I attended the International Conference on 3D Vision (3DV) in March. 3DV is a conference that brings together researchers in 3D computer vision and graphics. At the conference, I presented our paper, Spann3R: 3D Reconstruction with Spatial Memory, which was accepted by 3DV as an award candidate.
Our work addresses the problem of dense 3D reconstruction from images only, without any prior knowledge of camera parameters or depth information. Due to the inherent ambiguity of interpreting 3D structures from 2D images, traditional dense reconstruction pipelines typically decompose the task into a series of minimal problems, which are then chained together. This approach usually requires substantial manual tweaks as well as engineering efforts. In contrast, our approach directly maps a set of 2D images to 3D using a neural network, enabling a fully feed-forward dense reconstruction.
The key idea of our method is to manage a spatial memory that stores previous states and learns to query this spatial memory to reconstruct the geometry of the subsequent frames. Our results demonstrate a proof-of-concept for feed-forward 3D reconstruction, and open up exciting directions for fully learning-based approaches to Structure-from-Motion (SfM) and Simultaneous Localization and Mapping (SLAM). Interestingly, as a by-product, our method can perform dense reconstruction without explicitly estimating camera poses—a concept that some later works have referred to as pose-free reconstruction.
Beyond my own presentation, I attended several insightful talks, including those by Jon Barron, Noah Snavely, and Fei-Fei Li. In Jon’s talk, he mentioned one particular interesting topic on “Why care about 3D?”. He discussed various perspectives on the role of 3D in computer vision and robotics.
Jon challenged the traditional assumption that a robot must reconstruct its environment in 3D to navigate it effectively. With the progress of deep learning, robots can map observations directly to control signals without explicit 3D modeling—similar to trends in autonomous driving. Likewise, the idea that realistic image or video generation requires full 3D reconstruction is challenged with the rapid progress of video diffusion models.
Jon offered several interesting arguments for why 3D still matters. One reason is efficiency—once a 3D scene is reconstructed, it can be rendered from many viewpoints at low cost. More fundamentally, humans live in a 3D world—so if we expect AI systems to perceive and interact like us, they must reason in 3D too.

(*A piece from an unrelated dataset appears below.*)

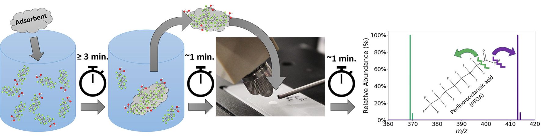 Their technique starts with an adsorbent about the size of a Rice Krispy. The adsorbent is placed in a solution for testing. Three minutes later, it is removed and placed in front of a mass spectrometer where it is sprayed with electrically charged droplets. The droplets remove PFAS from the adsorbent and carry it into the mass spectrometer, where it is analyzed for PFAS concentration and type.
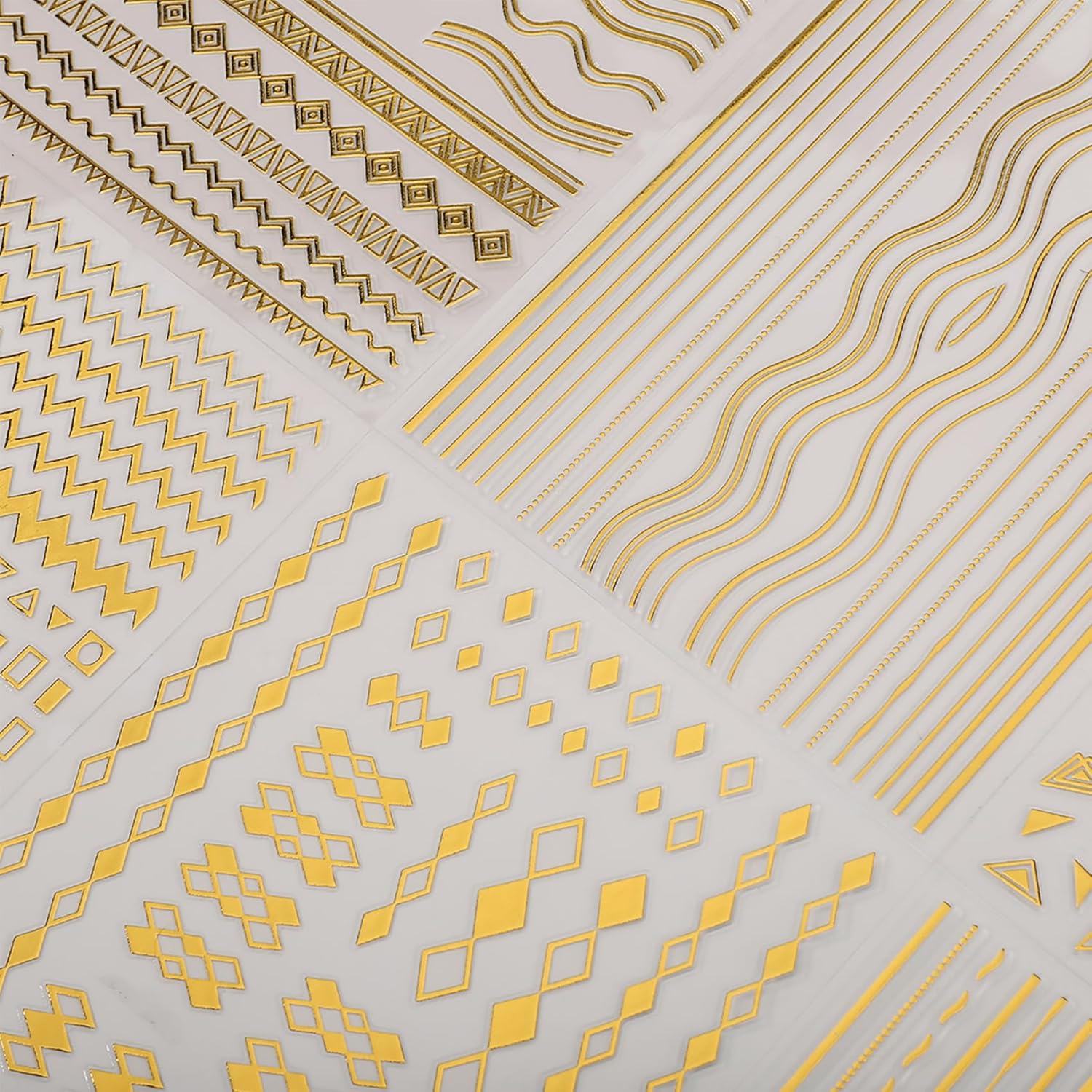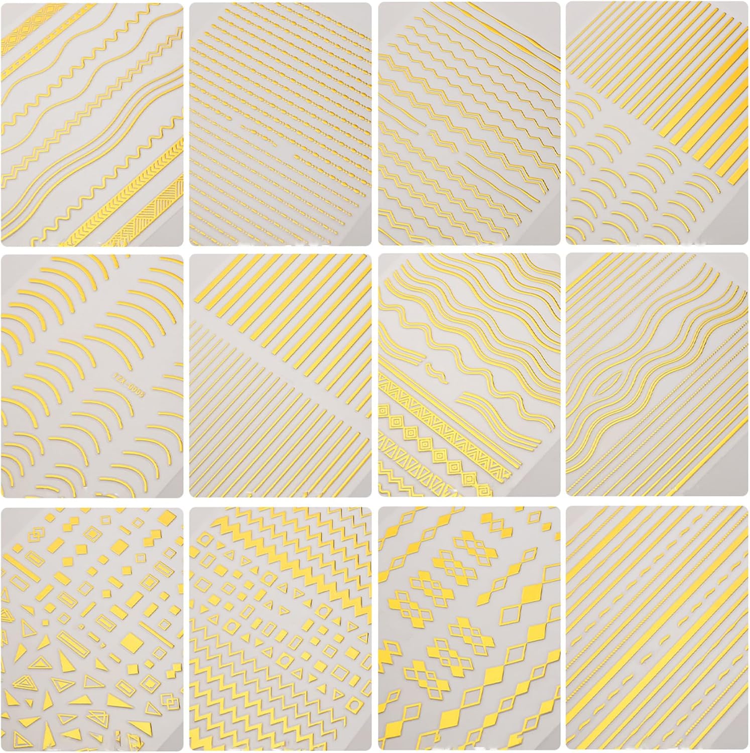 12 Sheets Gold Line Nail Art Stickers - French Smile Waves Strip Self-Adhesive Nail Decals for DIY Geometric Manicure

Yet, the community has not reached a consensus on how to let AI models learn 3D efficiently. While vast amounts of 2D image data are readily available thanks to smartphones and the Internet, acquiring large-scale, high-quality 3D data remains costly. Hopefully, the progress in 3D foundation models can unlock new ways to scale up the learning of 3D representations from web-scale casual videos without ground-truth 3D, and bridge the gap between 2D and 3D through unified multi-modal representations.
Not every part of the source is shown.